**Given information**
►

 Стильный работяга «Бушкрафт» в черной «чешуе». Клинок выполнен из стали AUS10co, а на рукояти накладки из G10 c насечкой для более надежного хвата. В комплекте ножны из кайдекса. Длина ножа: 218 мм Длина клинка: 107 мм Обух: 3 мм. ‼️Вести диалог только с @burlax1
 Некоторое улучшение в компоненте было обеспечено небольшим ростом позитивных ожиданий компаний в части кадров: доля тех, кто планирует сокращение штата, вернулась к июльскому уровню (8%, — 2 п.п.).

◄
►

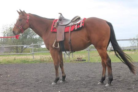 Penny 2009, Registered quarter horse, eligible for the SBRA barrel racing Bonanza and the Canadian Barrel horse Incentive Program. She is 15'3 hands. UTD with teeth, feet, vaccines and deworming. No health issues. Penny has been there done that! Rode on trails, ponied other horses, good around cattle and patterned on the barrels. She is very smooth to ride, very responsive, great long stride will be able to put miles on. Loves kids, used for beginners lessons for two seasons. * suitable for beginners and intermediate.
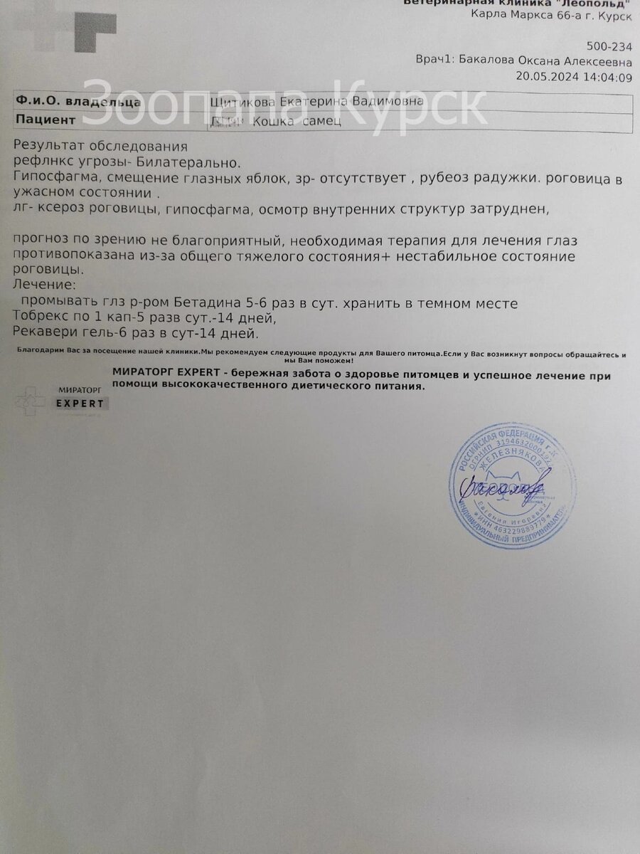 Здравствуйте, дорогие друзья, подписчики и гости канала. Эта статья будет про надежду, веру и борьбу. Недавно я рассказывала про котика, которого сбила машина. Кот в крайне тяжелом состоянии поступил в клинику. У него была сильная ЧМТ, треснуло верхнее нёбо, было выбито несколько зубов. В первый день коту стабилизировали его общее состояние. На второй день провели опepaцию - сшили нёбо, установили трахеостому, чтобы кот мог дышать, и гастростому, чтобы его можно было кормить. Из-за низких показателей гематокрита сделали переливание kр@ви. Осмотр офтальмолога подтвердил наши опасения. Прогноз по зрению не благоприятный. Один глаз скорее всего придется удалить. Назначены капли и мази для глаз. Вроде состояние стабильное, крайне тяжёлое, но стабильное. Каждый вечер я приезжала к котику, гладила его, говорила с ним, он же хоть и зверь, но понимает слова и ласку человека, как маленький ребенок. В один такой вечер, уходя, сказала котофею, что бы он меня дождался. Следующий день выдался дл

◄
►

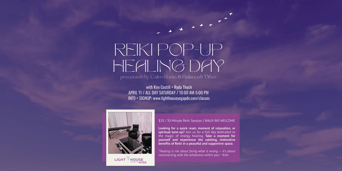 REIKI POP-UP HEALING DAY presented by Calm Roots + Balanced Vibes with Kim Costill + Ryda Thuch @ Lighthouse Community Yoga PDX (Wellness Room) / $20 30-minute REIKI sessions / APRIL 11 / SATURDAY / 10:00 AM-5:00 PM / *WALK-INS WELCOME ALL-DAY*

◄

**What to work on**
When you reach the line in the material above that holds "только с @burlax1", begin reproducing lines exactly, and stop after the line that holds "Некоторое улучшение в".

**Output for this task**
 Стильный работяга «Бушкрафт» в черной «чешуе». Клинок выполнен из стали AUS10co, а на рукояти накладки из G10 c насечкой для более надежного хвата. В комплекте ножны из кайдекса. Длина ножа: 218 мм Длина клинка: 107 мм Обух: 3 мм. ‼️Вести диалог только с @burlax1
 Некоторое улучшение в компоненте было обеспечено небольшим ростом позитивных ожиданий компаний в части кадров: доля тех, кто планирует сокращение штата, вернулась к июльскому уровню (8%, — 2 п.п.).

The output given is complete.